(EXERCISE DATA)
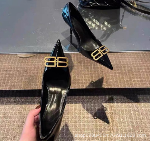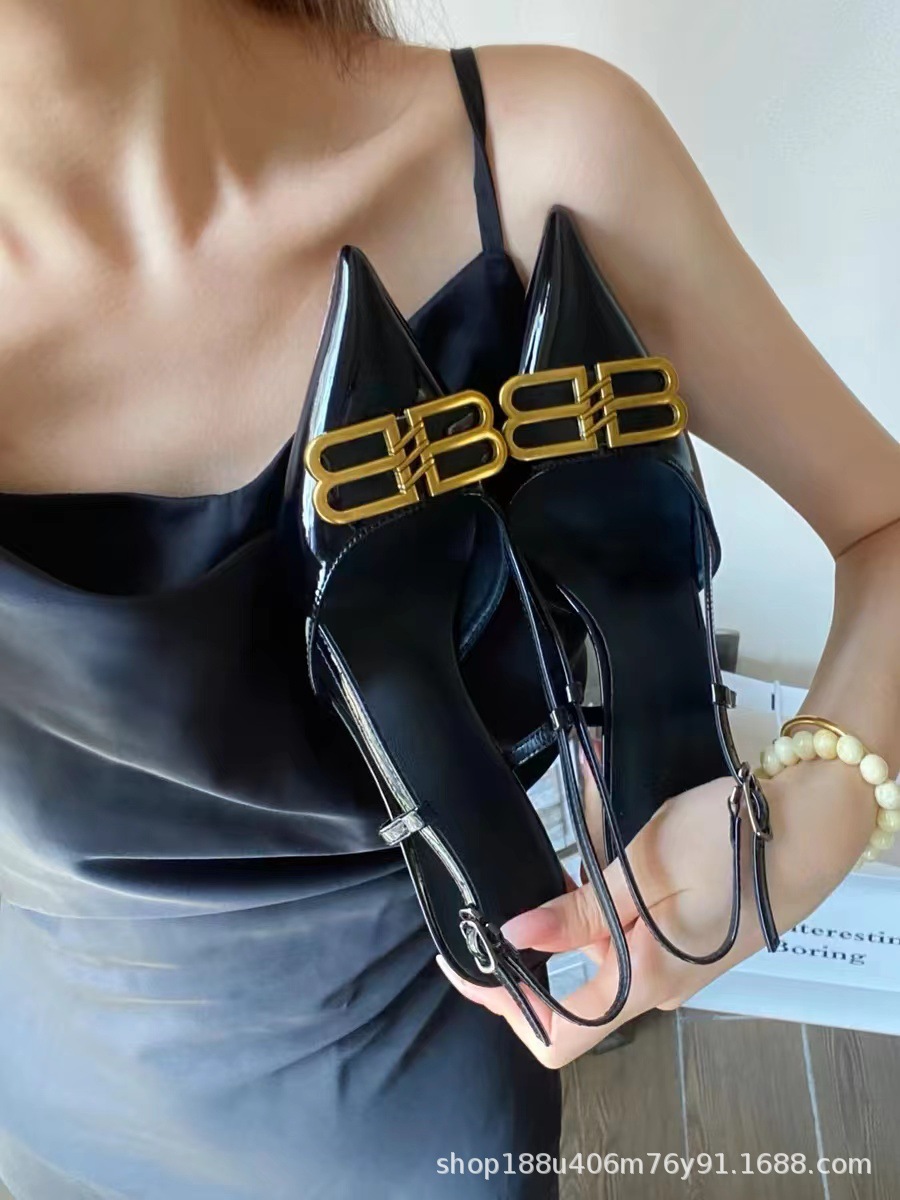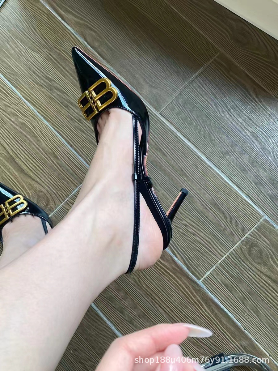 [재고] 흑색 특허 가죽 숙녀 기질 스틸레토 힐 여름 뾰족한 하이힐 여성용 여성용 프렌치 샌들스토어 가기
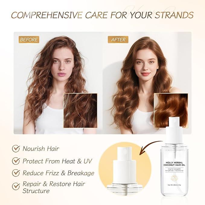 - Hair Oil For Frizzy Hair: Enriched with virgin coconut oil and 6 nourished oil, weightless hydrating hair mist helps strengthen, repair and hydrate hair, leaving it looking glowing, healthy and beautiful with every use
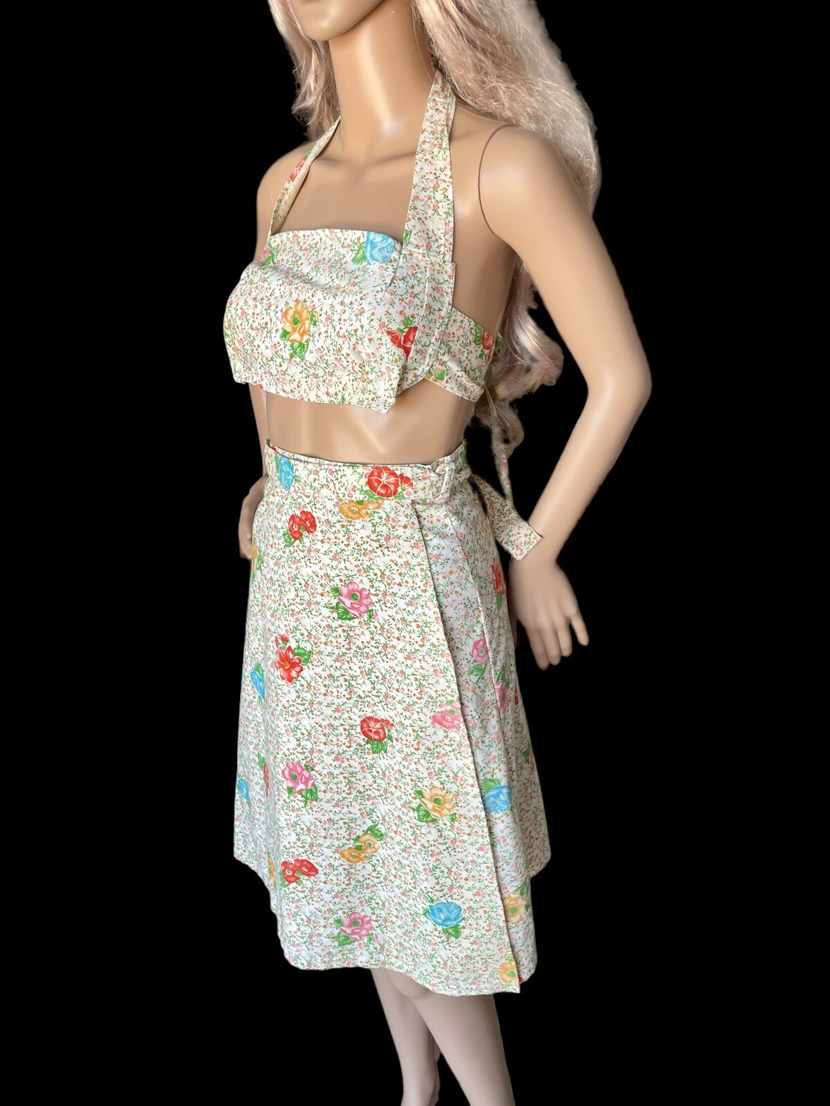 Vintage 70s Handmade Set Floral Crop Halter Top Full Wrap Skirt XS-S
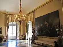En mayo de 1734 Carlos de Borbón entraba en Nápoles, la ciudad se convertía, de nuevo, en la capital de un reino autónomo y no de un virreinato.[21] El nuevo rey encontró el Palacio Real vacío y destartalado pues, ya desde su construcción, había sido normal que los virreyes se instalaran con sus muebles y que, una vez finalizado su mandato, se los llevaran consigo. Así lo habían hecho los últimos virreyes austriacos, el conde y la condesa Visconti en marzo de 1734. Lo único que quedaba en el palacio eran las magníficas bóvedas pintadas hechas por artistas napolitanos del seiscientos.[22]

(ASSIGNMENT) Please write out the lines above exactly, from the one that contains "Vintage 70s Handmade" through the final line, and include none of the pictures.

(EXERCISE RESPONSE)
 Vintage 70s Handmade Set Floral Crop Halter Top Full Wrap Skirt XS-S
En mayo de 1734 Carlos de Borbón entraba en Nápoles, la ciudad se convertía, de nuevo, en la capital de un reino autónomo y no de un virreinato.[21] El nuevo rey encontró el Palacio Real vacío y destartalado pues, ya desde su construcción, había sido normal que los virreyes se instalaran con sus muebles y que, una vez finalizado su mandato, se los llevaran consigo. Así lo habían hecho los últimos virreyes austriacos, el conde y la condesa Visconti en marzo de 1734. Lo único que quedaba en el palacio eran las magníficas bóvedas pintadas hechas por artistas napolitanos del seiscientos.[22]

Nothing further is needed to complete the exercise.